As time goes on, it may be deemed advisable to augment these
rules to make them "more complete", but in any event they will
continue to be based principally on the relational model. This
model is not expected to change in any radical way. It has been
very stable for the last ten years at least. Minor additions
are expected every five years at the beginning and midpoint of
each decade. For an example of such an addition, see the
references [EFC1,2] cited in connection with Rule 3: it contains
a candidate extension re missing information, one that will be
included by 1990, if there are no insuperable technical or
semantic problems uncovered.
Now for the 12 rules based on Rule Zero.
Rl The Information Rule
Rule 1: ALL INFORMATION in a relational database is
represented explicitly at the logical level and in
exactly one way -- by values in R-tables.
Even R-table names, column names, and domain names are represented
as character strings in some R-tables. R-tables containing such
names are normally part of the built-in system catalog. The
catalog is accordingly a relational database itself -- one that
is dynamic and active and represents the meta-data (data
describing the rest of the data in the system).

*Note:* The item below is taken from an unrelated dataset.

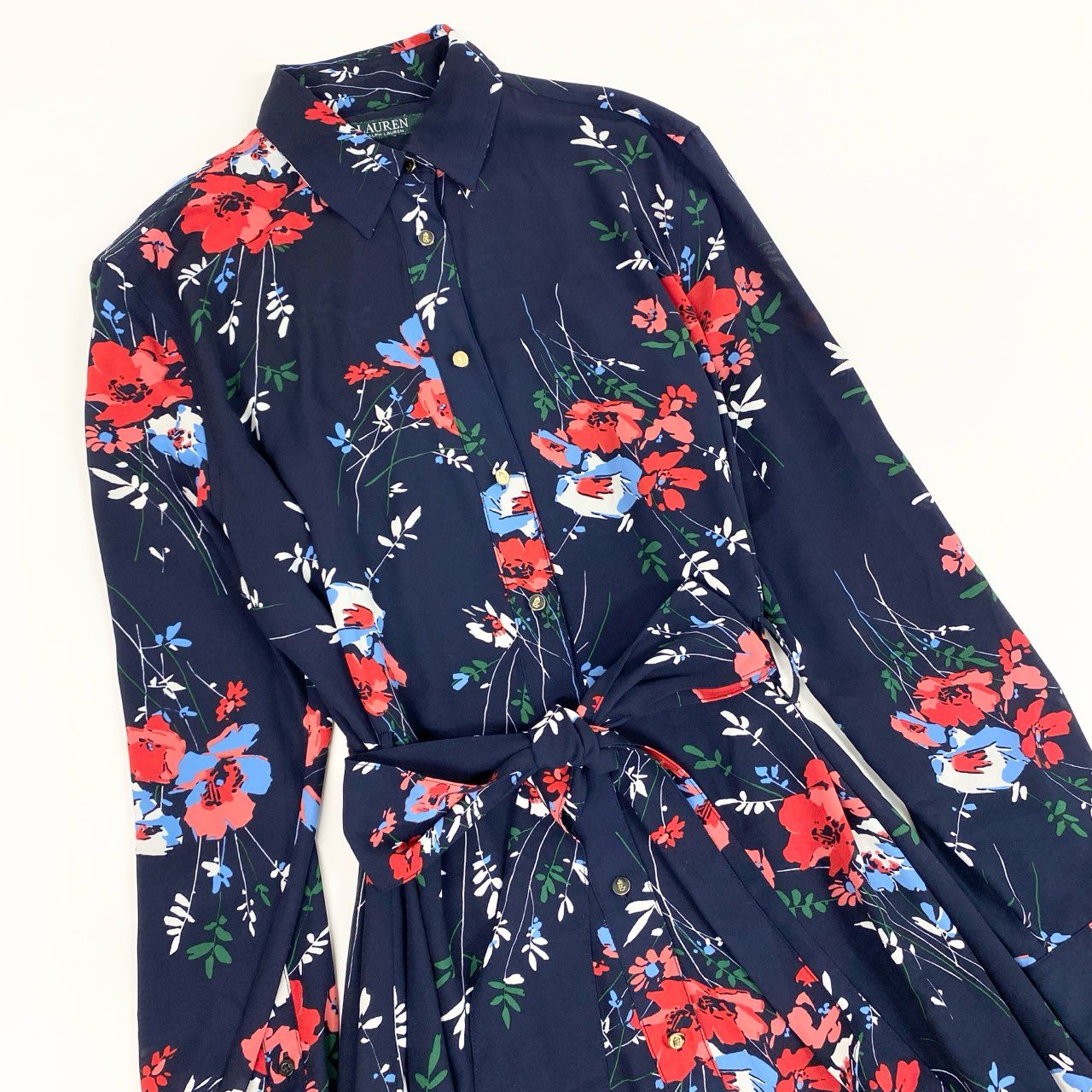 ミッドナイトネイビーをベースに、レッド・サックスブルー・ホワイトのフラワープリントが映える華やかなワンピースです。 マットでとろみのあるポリエステル素材で、動くたびにしなやかなドレープを演出します。 ゴールドボタンと共布ベルトが上品なアクセントに。 シャツカラー仕様で、きちんと感とフェミニンさを兼ね備えたデザインです。 お出かけや食事会、セミフォーマルなシーンまで幅広く活躍する一着です。

The information rule is enforced not only for user productivity,
but also to make it a reasonably simple job for software vendors
to define additional software packages (like application
development aids, expert systems, etc.) which interface with
relational DBMS and, by definition, are well integrated with the
DBMS -- that is, these packages retrieve information already
existing in the catalog and, as needed, put new information in
the catalog by the very act of using the DBMS.
An additional reason is to make the database administrator's
task of maintaining the database in a state of overall integrity
both simpler and more effective. There is nothing more
embarrassing to a DBA than being asked if his database contains
2
certain specific information, and then replying after a week's
examination of the database that he does not know.
R2 Guaranteed Access Rule
Rule 2: Each and every datum (atomic value) in a relational
database is guaranteed to be logically accessible by
resorting to a combination of R-table name, primary key
value, and column name.
Clearly, each datum in a relational database can be accessed in a
rich variety (possibly thousands) of logically distinct ways.

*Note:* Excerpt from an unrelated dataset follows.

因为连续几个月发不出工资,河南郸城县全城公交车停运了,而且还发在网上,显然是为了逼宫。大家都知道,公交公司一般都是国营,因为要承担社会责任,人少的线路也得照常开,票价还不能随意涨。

However, it is important to have at least one way (independent of
the specific relational database) that is guaranteed -- because
most computer-oriented concepts (such as scanning successive
addresses) have been deliberately omitted from the relational
model.
Note that the guaranteed access rule represents an associative
addressing scheme that is unique to the relational model. It
does not depend at all on the usual computer-oriented addressing.
However, the primary key concept is an essential part of it.

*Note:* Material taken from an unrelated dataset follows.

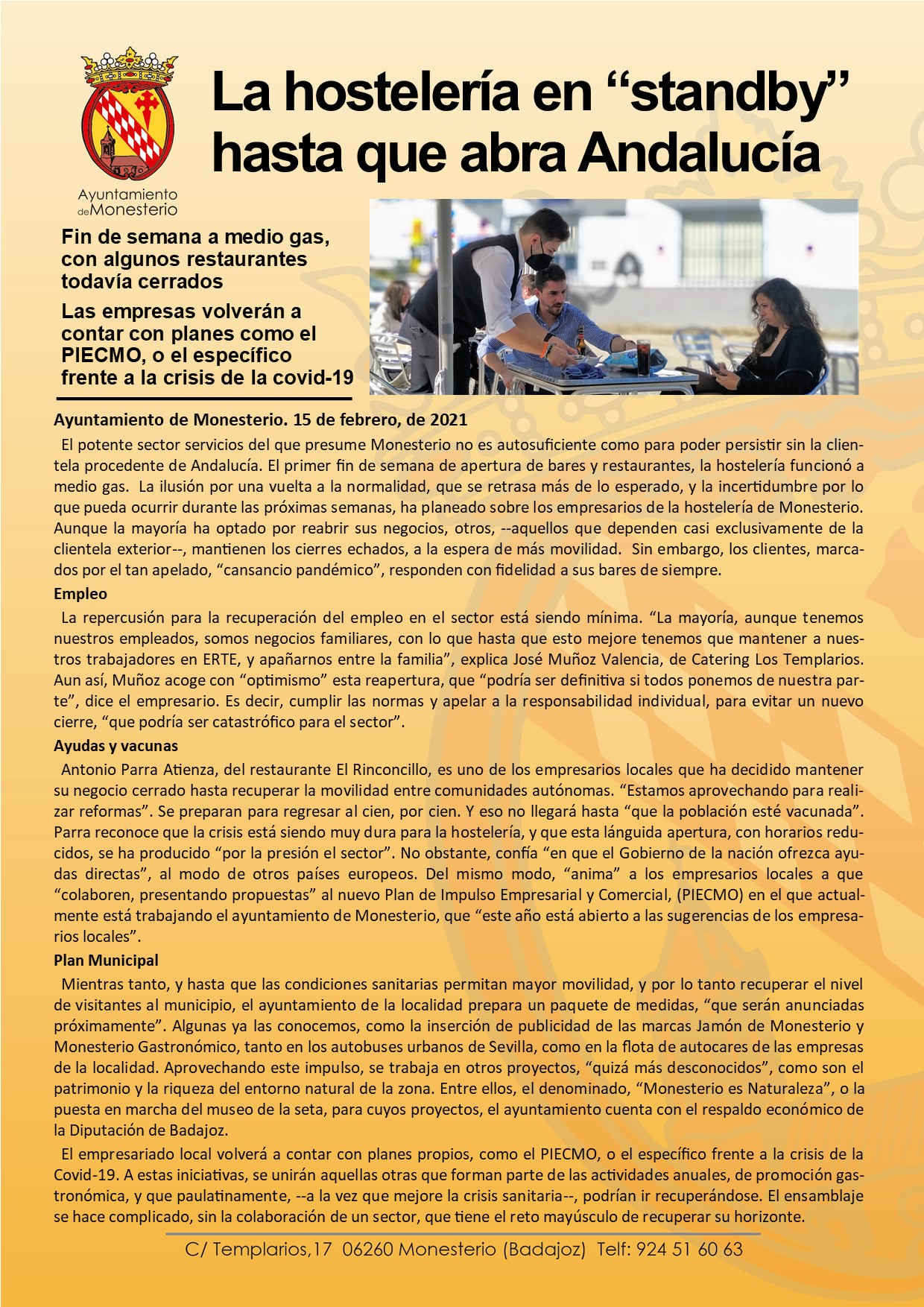 La hostelería de Monesterio en “standby” hasta que abra Andalucía

Structural feature S8 (see section 3.1) requires each base
relation to have a primary key.
R3 Systematic treatment of missing information
Rule 3: Indicators (distinct from the empty character string or
a string of blank characters, and distinct from zero or
any other number) are supported in fully relational DBMS
for representing at the logical level the fact that
information is missing (applicable and inapplicable
information) in a systematic way -- independent of data
type. Besides the logical representation, the DBMS must
support manipulative functions for these indicators
[EFC1,2] and these must also be independent of the data
type of the missing information.
To support database integrity, it must be possible to specify
"indicators not allowed" for each primary key column and for any
other columns where the DBA considers it an appropriate integrity
constraint (for example, certain foreign key columns).
Past techniques entailed defining a special value (peculiar to
each column or field) to represent missing information. This
would be most unsystematic in a relational database, because
users would have to employ different techniques for each column
or for each domain -- a difficult task due to the high level of
language in use (and a task which, I believe, would lower the
productivity of users). Moreover, the use of a special value
selected by a user from the domain pertinent to the column is
tantamount to equating the semantics of the FACT that a value is
missing to the semantics of any value from that domain -- I call
this error the "value misrepresentation error".
3
R4 Dynamic on-line catalog based on the relational model
Rule 4: The database description is represented at the logical
level just like ordinary data, so that authorized
users can apply the same relational language to its
interrogation as they apply to the regular data.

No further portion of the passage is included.